Lesson 21: Learning to Love XML

Objective:

Students will understand the need for data to be stored in different ways - specifically, why it makes sense for web data to be formatted as XML.

Materials:

Online Data-ing handout (LMR_3.19_Online Data-ing)

Note: This should have been completed during the previous class.
Mountain Peak XML data found at:
https://labs.idsucla.org/extras/webdata/mountains.html

Note: Open with Google Chrome or Firefox browsers, NOT with Safari.
Projector
Mountains – HTML vs. XML handout (LMR_3.20_Mountains - HTML vs. XML)

Vocabulary:

XML

Essential Concepts:

XML is a programming language that we use with our campaigns. We create basic XML "tags" in the code, which help us store data in a format we understand.

Lesson:

Allow time for student teams to present their findings from the Online Data-ing handout (LMR_3.19) if there was not sufficient time during the previous lesson.
Remind students that in the previous lesson they learned about a variety of ways that data can be presented online.
They've been working with comma separated (CSV) files and R data frames. Last time and in the lab, they worked with HTML tables. Today they are going to learn how HTML can be displayed as an XML table.
XML, or Extensible Mark up Language, is a popular format for storing data on the Internet. It is useful because it creates readable web pages, and also because it allows programmers to easily update values in the data table if those values change.
In pairs, ask students to brainstorm ways in which data that is found online is different than the way we see data in RStudio. Then, create a class brainstorm from the student pair responses.
After the brainstorm, emphasize the following:
1. RStudio’s default way to work with data is as large data frames (tables) where rows represent observations and columns represent variables.
2. Data that is viewed online often has a different structure.
3. Data structures found on the web might be displayed in tables, such as those on Wikipedia, or streams, such as Twitter, and might even include data spread across multiple sections of a web page, such as Yelp.
Show students, on a projector, the Mountain Peak XML data found at
https://labs.idsucla.org/extras/webdata/mountains.html

Ask students to look at the data and determine if they have seen it before. Hint: They have! It was the data they scraped during Lab 3E.
Once students figure out that the XML is just the same data as the website they scraped during Lab 3E, distribute the Mountains – HTML vs. XML handout (LMR_3.20), which displays both HTML and XML versions of the data.

Note: The handout only includes the first 3 mountains.

LMR_3.20
Ask student pairs to answer the following:
1. Why are certain XML tags indented in the XML version of the data? The indentations tell us how to structure the HTML table. For example, all the mountains are contained in the <data> section, but are further tagged by each particular mountain within the <mountain> and </mountain> tags. All information stored between those two tags will be displayed as one row of the HTML table.
2. What are the role of tags (ex. <state>) and end tags (ex. </state>) in the XML code? Tags tell us when a certain type of data begins, and end tags tell us when the data should end.
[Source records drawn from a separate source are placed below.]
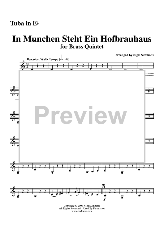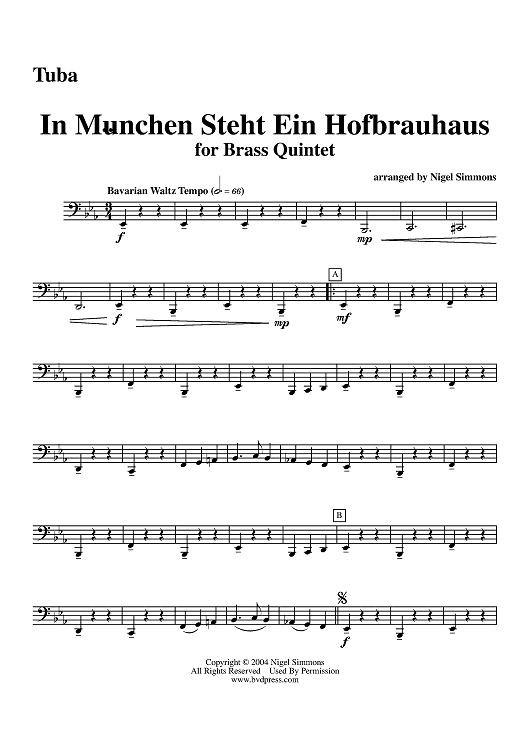 "In München Steht Ein Hofbrauhaus - Tuba" Sheet Music by
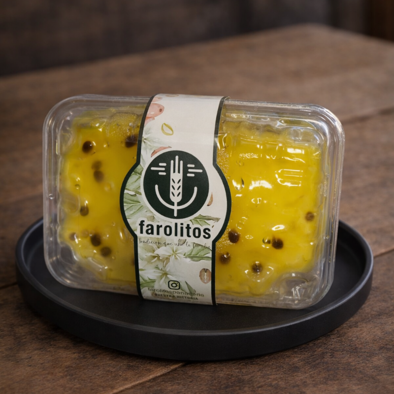 Huevos, pan de maiz, quesito y bebida (FAROLITOS)
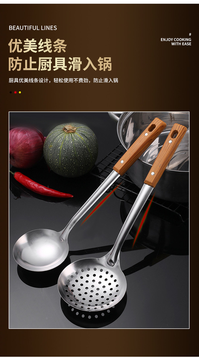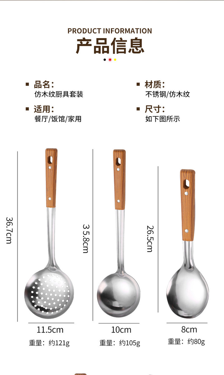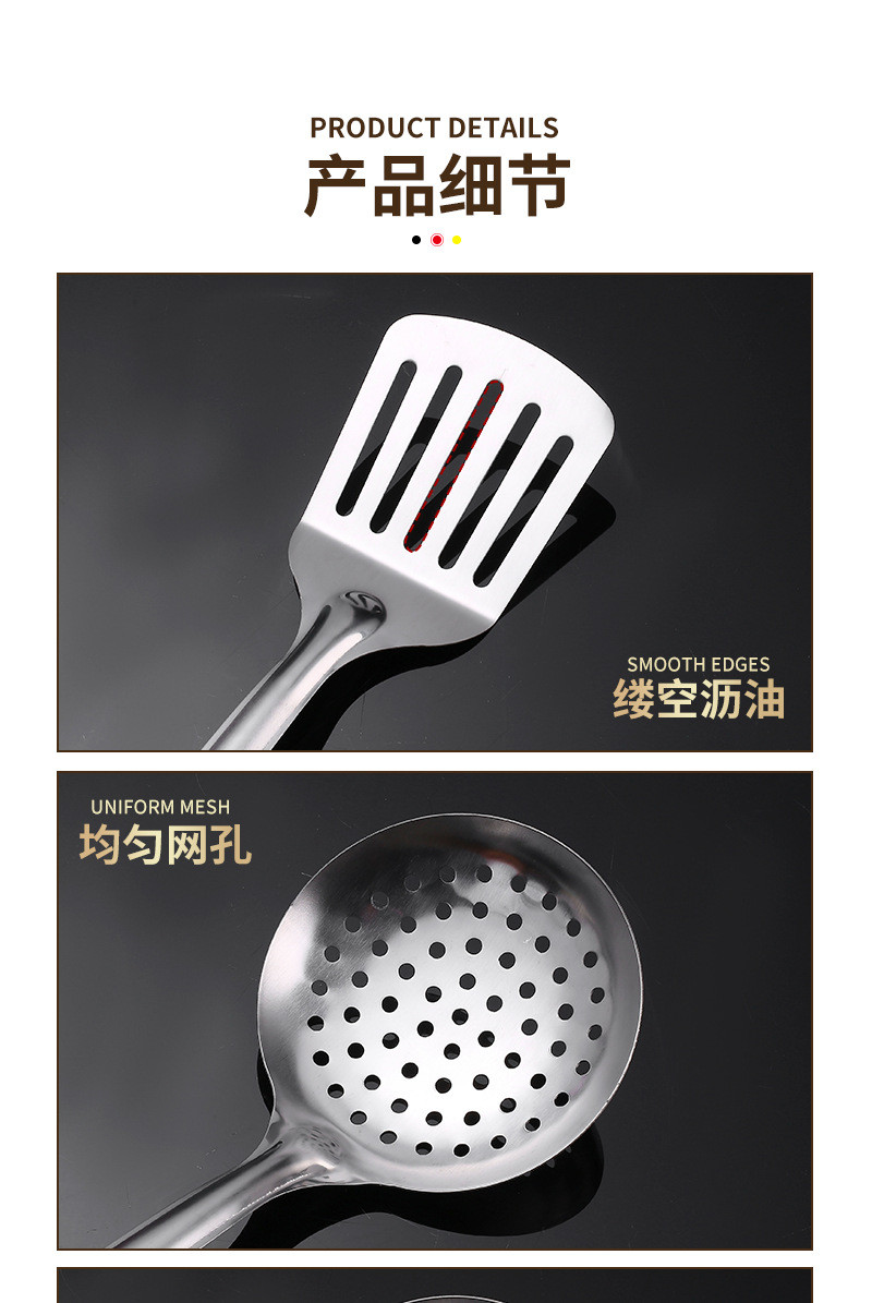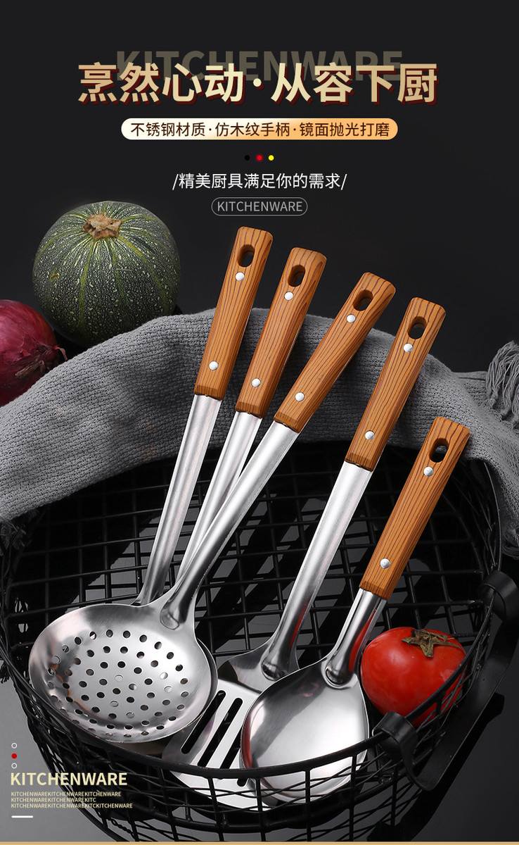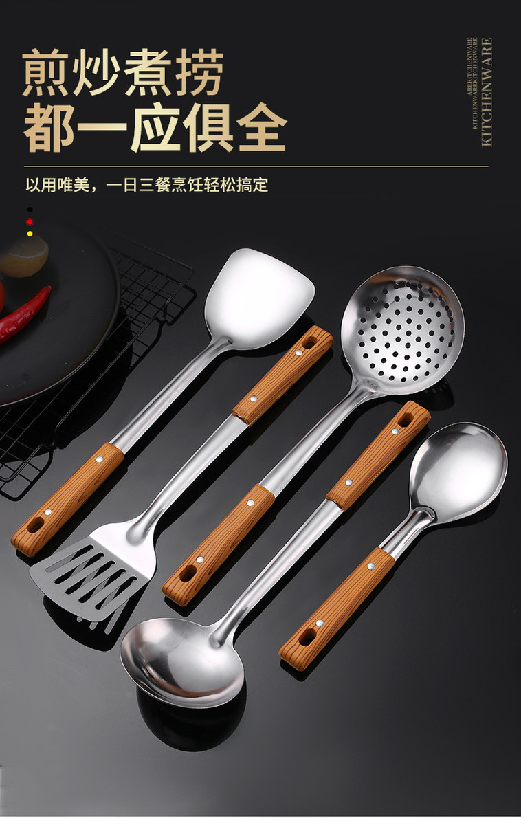不锈钢铲漏勺煎锅铲汤漏全套家用厨房用具烹饪厨具套装勺五件套

In other words, it tells us where to find the specific values of a variable (ex. Alaska would be the value of the “state” variable since it is between the <state> and </state> tags.
3. Where are the variable names? The variable names can be found between each <mountain> and </mountain> tags. Specifically, the first variable is “peak” and the last variable is “rank.”
4. Where are the observations? The observations are located within each of the variable tags. For example, the observation “Mount McKinley (Denali)” is found between the <peak> and </peak> tags.
Assign student pairs one of the above questions to share out with the class. Student pairs that did not receive an assignment must participate using the Agree/Disagree strategy.
As a class, discuss the answers to the questions above.
XML formats make it easier to display data on the web in a pleasant matter and make it easier for programmers to find and alter data if the values change or if, for example, they wish to add a new row to a table.

Class Scribes:

One team of students will give a brief talk to discuss what they think the 3 most important topics of the day were.

Homework

For the next 3 days, students will collect data using the class’s newly created Participatory Sensing campaign (see Lessons 16-18).

For homework, students should reflect about how XML and HTML data are displayed. They should discuss when each format is appropriate.